##### Provided data
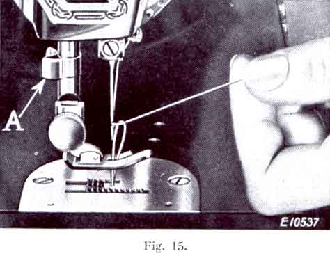Stop the machine with the thread take-up lever (6, Fig. 14) at its highest point and raise the presser foot. Draw the material back and to the left and sever the threads by passing them over the thread cutter (A, Fig 15). Leave the ends of the threads a few inches long under and at the back of the presser foot.
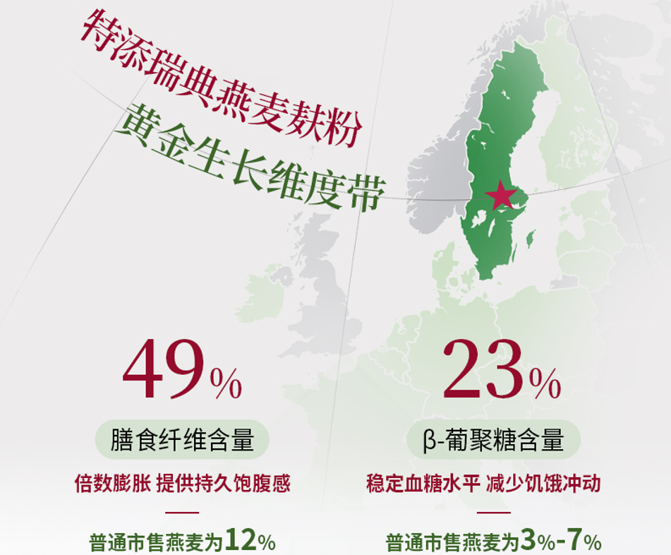 科学饱腹:独家瑞典燕麦麸粉含高活性 β- 葡聚糖,进入胃部后会膨胀形成 “胃内缓冲垫”,延缓胃排空 4-6 小时,同时刺激 GLP-1 饱腹激素分泌,从生理上抑制饥饿,避免平台期因饿而暴饮暴食。
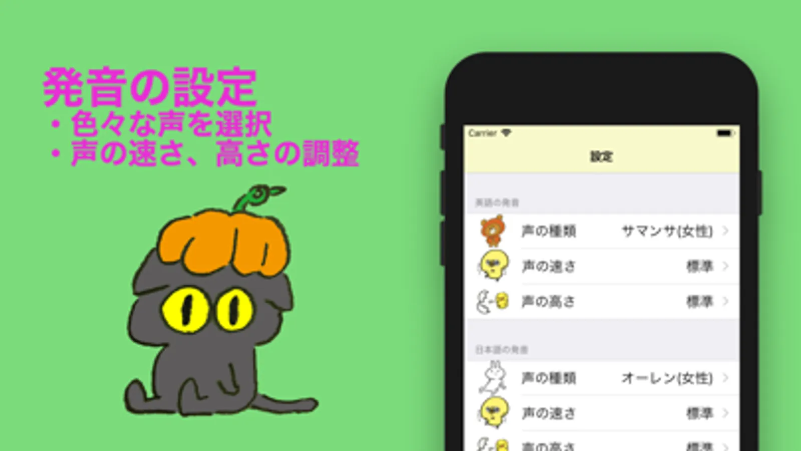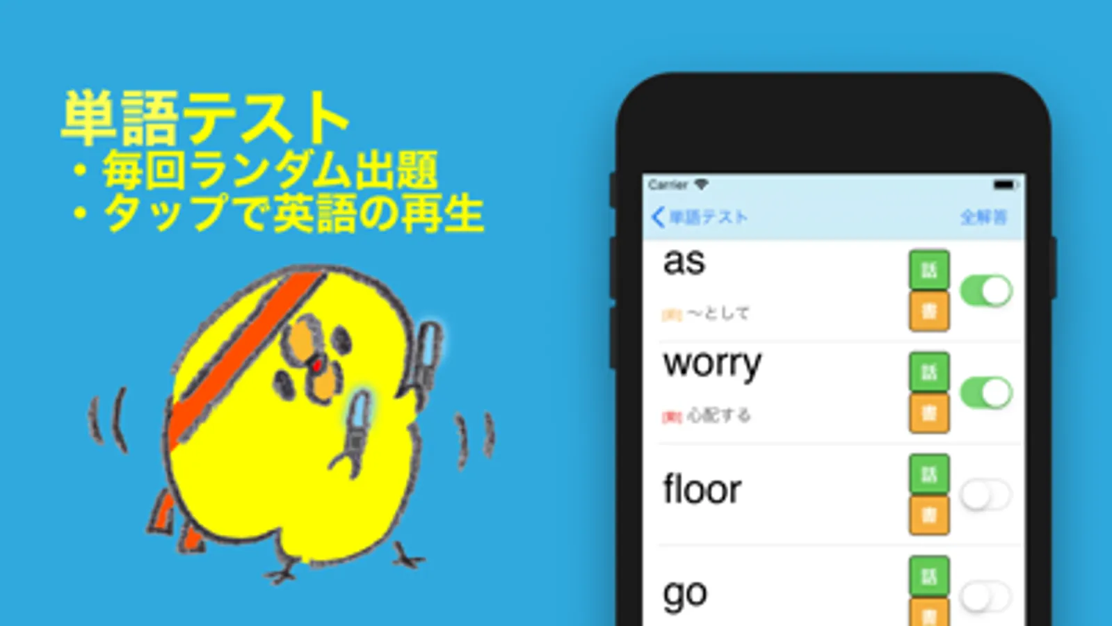 ・ You can select 3 modes: Japanese to English, English to Japanese, and Listening (voice to English).
##########
> **Aim of the task**: Could you give the listing above again word for word, without any pictures?

> **Answer area**:
Stop the machine with the thread take-up lever (6, Fig. 14) at its highest point and raise the presser foot. Draw the material back and to the left and sever the threads by passing them over the thread cutter (A, Fig 15). Leave the ends of the threads a few inches long under and at the back of the presser foot.
 科学饱腹:独家瑞典燕麦麸粉含高活性 β- 葡聚糖,进入胃部后会膨胀形成 “胃内缓冲垫”,延缓胃排空 4-6 小时,同时刺激 GLP-1 饱腹激素分泌,从生理上抑制饥饿,避免平台期因饿而暴饮暴食。
 ・ You can select 3 modes: Japanese to English, English to Japanese, and Listening (voice to English).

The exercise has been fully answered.